1. The meaning of insurance
It means that the insured pays a certain insurance premium to the insurer and insures certain risks. After the insurer underwrites the insurance, the insured object will be given financial compensation for the loss within the scope of insurance.

2. Insurance related parties
1. Insured person: a person who has concluded an insurance contract with the insurer and has the obligation to pay insurance premiums
2. The insured: refers to the person who has the right to claim insurance money after an insured event occurs according to the insurance contract.
3. The insurer (also called the underwriter) refers to an insurance company that has concluded an insurance contract with the insured and is liable for compensation or payment of insurance money.
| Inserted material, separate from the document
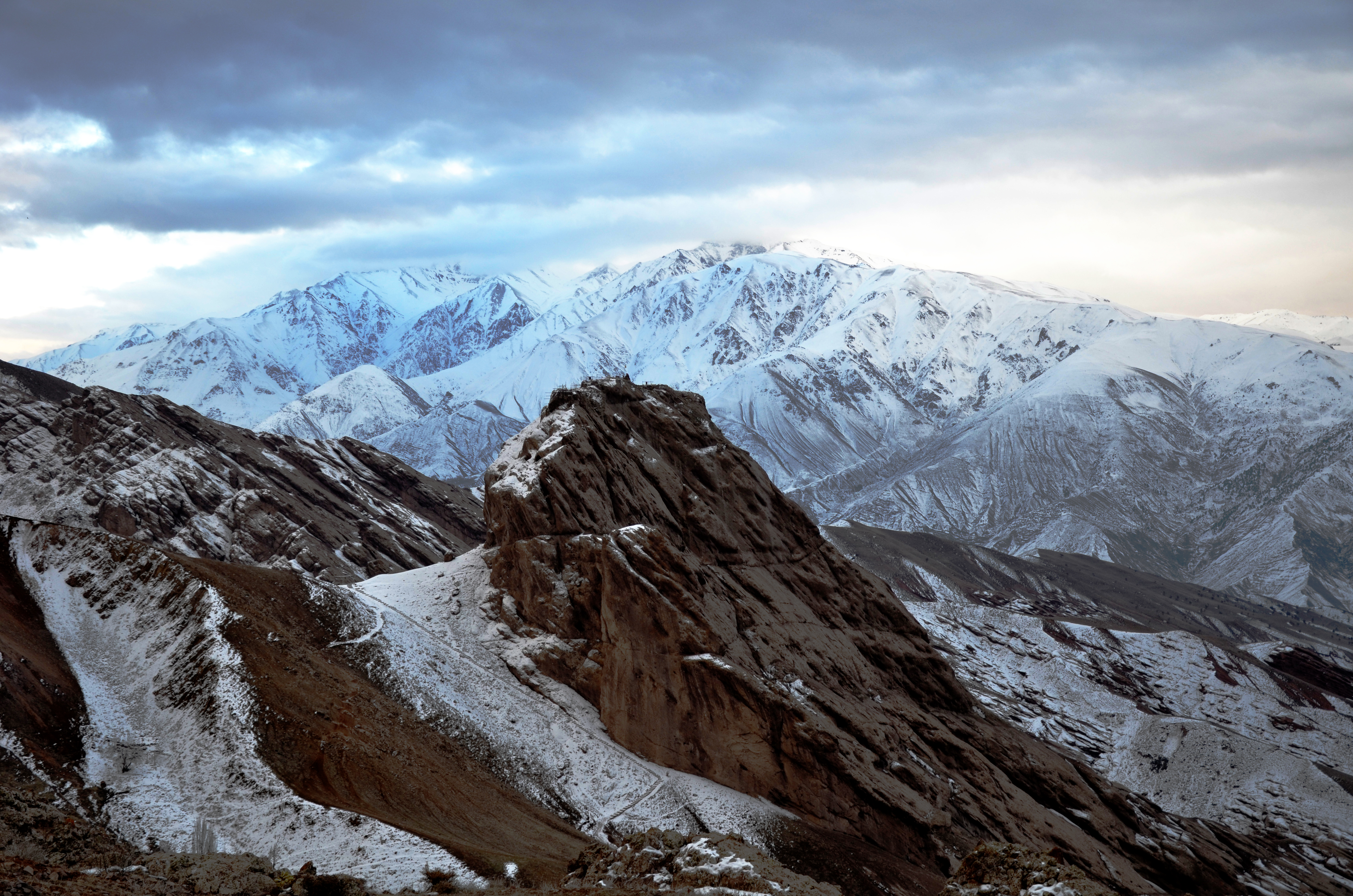 Iran - Qazvin - Alamout Castle View

4. Insurance agents, insurance intermediaries, insurance brokers.

3. Insurance principles
(1) Principle of insurable interest:
1. Definition: Refers to the economic benefits recognized by the law and insured by the insured or the insured for the insured subject’s interest.
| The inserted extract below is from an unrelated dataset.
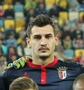 SHAKHTAR DONETSK VS. SPORTING BRAGA 2 - 0

2. Features of insurable interest
Insurable interests must be legitimate interests
Insurable benefits must be economic benefits that can be calculated in currency
Insurable benefits must be definite benefits
3. Application of insurable interests in international trade
Standards for the division of insurable interests between the buyer and the seller
(1) EXW: The seller places the goods under the control of the buyer at the designated place within the date or period specified in the contract, and the risk is transferred immediately, and the insurable interest in the goods is also transferred to the buyer at this time
(2) Group D terms
The seller places the goods under the buyer’s control on the ship at the destination port, the dock at the destination port, the border or the agreed place at the designated destination within the specified date or period, and the risk is transferred. The previous risk is borne by the seller, so the seller enjoys an insurable interest in the goods; after the goods are placed under the buyer’s control, the risk is immediately transferred to the buyer, so the buyer has an insurable interest in the goods.
(3) FAS
The risk that the buyer is responsible for starts from the effective delivery of the goods to the side of the ship, and the buyer enjoys an insurable interest in the goods at this time.
(4) FOB and CFR
The seller shall bear the risks before the goods cross the ship’s rail at the port of shipment, which shall be borne by the seller and has an insurable interest in the goods, and the seller shall apply for insurance by himself. Therefore, after the goods have passed the ship’s rail at the port of shipment, the risk is transferred to the buyer, and the insurable interest in the goods is also transferred to the buyer.
 (5) CIF
The seller insures marine cargo insurance in his own name. When the goods pass the ship’s rail, the seller transfers the rights of the insurance policy to the buyer by way of endorsement. Therefore, the seller enjoys the insured benefits for this period of time before the goods cross the ship’s rail. After crossing the ship’s rail, the buyer enjoys insurable benefits with the insurance policy assigned by endorsement.